▸ **Work required**
Please copy the lines below, exactly as they are, from the one with "1 банка Люмакс хлор 1 кг 1000 таб" through the one with "- 胸の部分にHunkの文字", and leave out the pictures.

Records for this exercise START

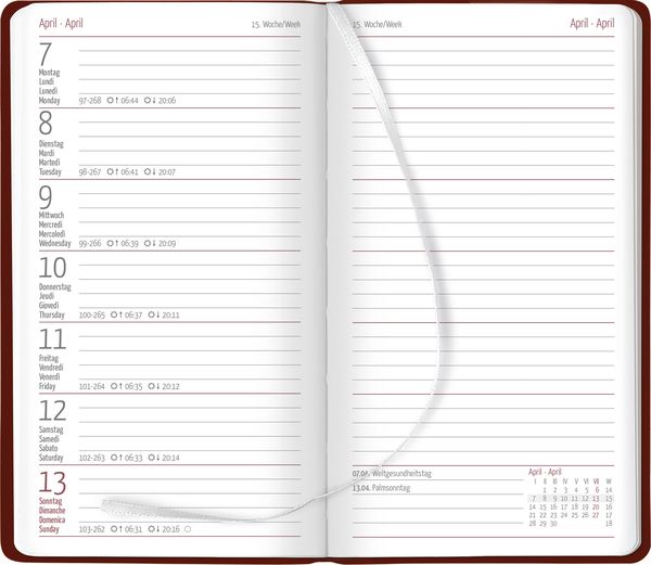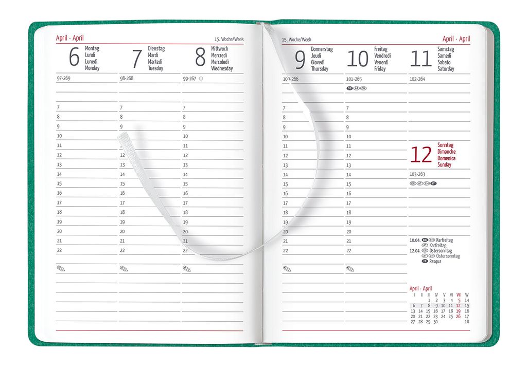 Der perfekte Begleiter für 2026! Dieser süße Taschenkalender im handlichen A6-Format (10,7 x 15,2 cm) passt in jede Handtasche. Mit seinem floralen Design und dem umweltfreundlichen Strukturpapier ist er nicht nur hübsch anzusehen, sondern auch nachhaltig. Das Kalendarium ist viersprachig (DE/FR/IT/GB) und zeigt Feiertage für Deutschland, Österreich, Schweiz, Frankreich und Italien. Pro Woche gibt's eine Doppelseite mit Zeiteinteilung von 7-22 Uhr plus Platz für Notizen. Mit Leseband, Monatsübersichten und abgerundeten Ecken - einfach praktisch!
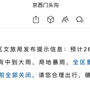 今天中午,门头沟区文旅局发布提示信息:预计26日傍晚至27日门头沟区有中到大雨,局地暴雨,全区景区、民宿、民俗户15点前全部关闭,请您合理出行,确保安全。
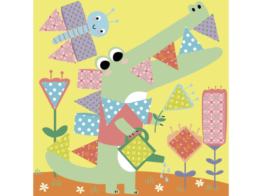 Úlohou tejto kreatívnej sady je vystrihnúť a nalepiť vzorované papieriky na pozadia so zvieratami a dokončiť tak obrázok. Vaše dieťa sa zabaví dopĺňaním farebných obrázkov na tému zvieratká: ježko, králik či krokodíl. Nožnice sú bezpečné pre deti, strihajú iba papier!
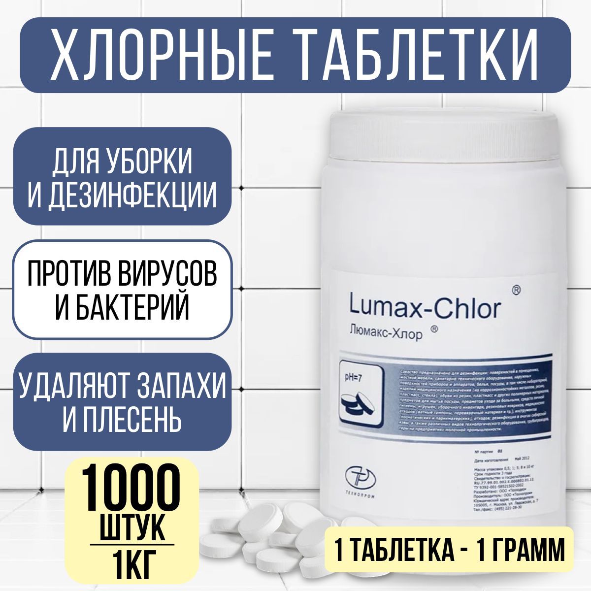 1 банка Люмакс хлор 1 кг 1000 таб
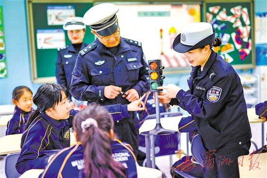 1月28日,天津市公安局滨海分局交通管理支队民警在天津市海嘉学校向学生讲解道路交通安全知识。1月28日,天津市公安局滨海分局交通管理支队民警走进天津市海嘉学校,为学生讲授交通安全课,增强学生交通安全意识和自我防护能力。新华社 发
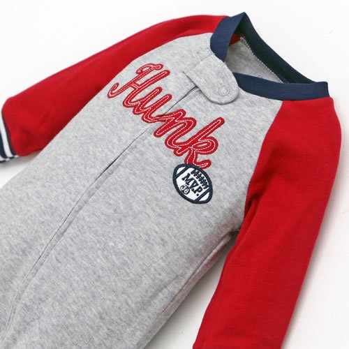 - 胸の部分にHunkの文字の刺繍アップリケが付いています。足カバー部分は靴のデザインになっています。
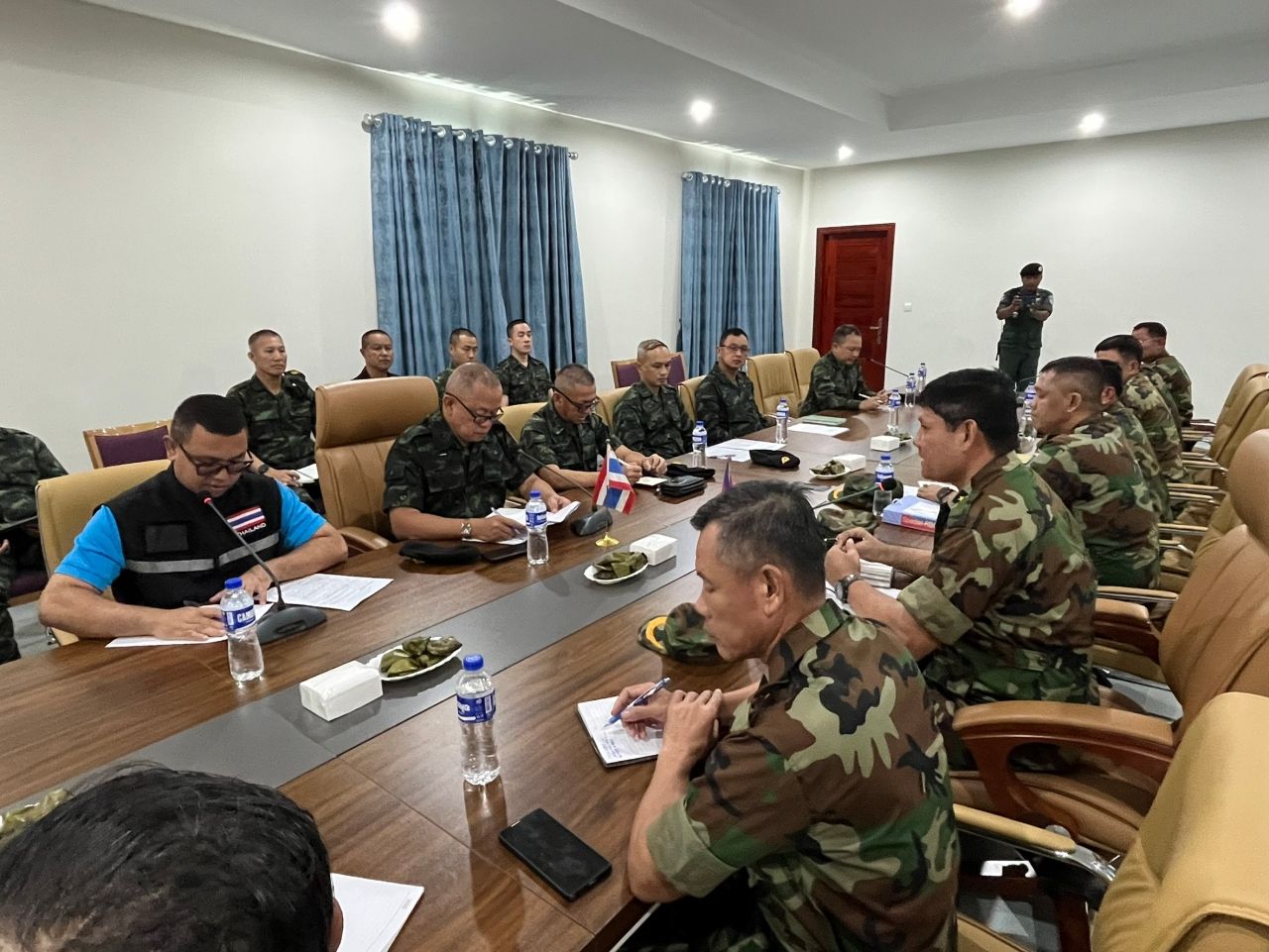 เมื่อเวลา 10.00 น. วันที่ 10 ตุลาคม 2568 ที่อำเภอกรุงสำโรง จังหวัดอุดรเมียนจีย์ (ตรงข้ามด่านผ่านแดนถาวรช่องจอม) ประชุมคณะกรรมการชายแดนส่วนภูมิภาค (RBC) ไทย-กัมพูชา นำโดย พลตรี กัมปนาท วาพันสุ ประธานกองเลขานุการ คณะกรรมการชายแดนส่วนภูมิภาคไทย-กัมพูชา / เสนาธิการศูนย์ปฏิบัติการ กองทัพภาคที่ 2 และพลจัตวา นิด ณารง รองเสนาธิการภูมิภาคทหารที่ 4 ของกัมพูชา ประชุมพูดคุยถึงรายละเอียด
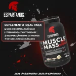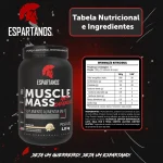 Muscle Mass fornece por dose 20g proteínas de alto valor biológico e diferentes níveis de absorção, contém também 125g de carboidratos complexos de rápida e lenta absorção deixando assim o atleta em estado anabólico por muito mais tempo. Muscle Mass é um hipercalórico completo com alto teor de aminoácidos de cadeia ramificada Bcaa’s e não contém gluten, combinação perfeita para o ganho de massa muscular com um sabor incomparável. Itens Inclusos: 1 Potes Muscle Mass Anti-Catbolic Espartanos 1800G

Records for this exercise END

▸ **The completed task**
 1 банка Люмакс хлор 1 кг 1000 таб
 1月28日,天津市公安局滨海分局交通管理支队民警在天津市海嘉学校向学生讲解道路交通安全知识。1月28日,天津市公安局滨海分局交通管理支队民警走进天津市海嘉学校,为学生讲授交通安全课,增强学生交通安全意识和自我防护能力。新华社 发
 - 胸の部分にHunkの文字の刺繍アップリケが付いています。足カバー部分は靴のデザインになっています。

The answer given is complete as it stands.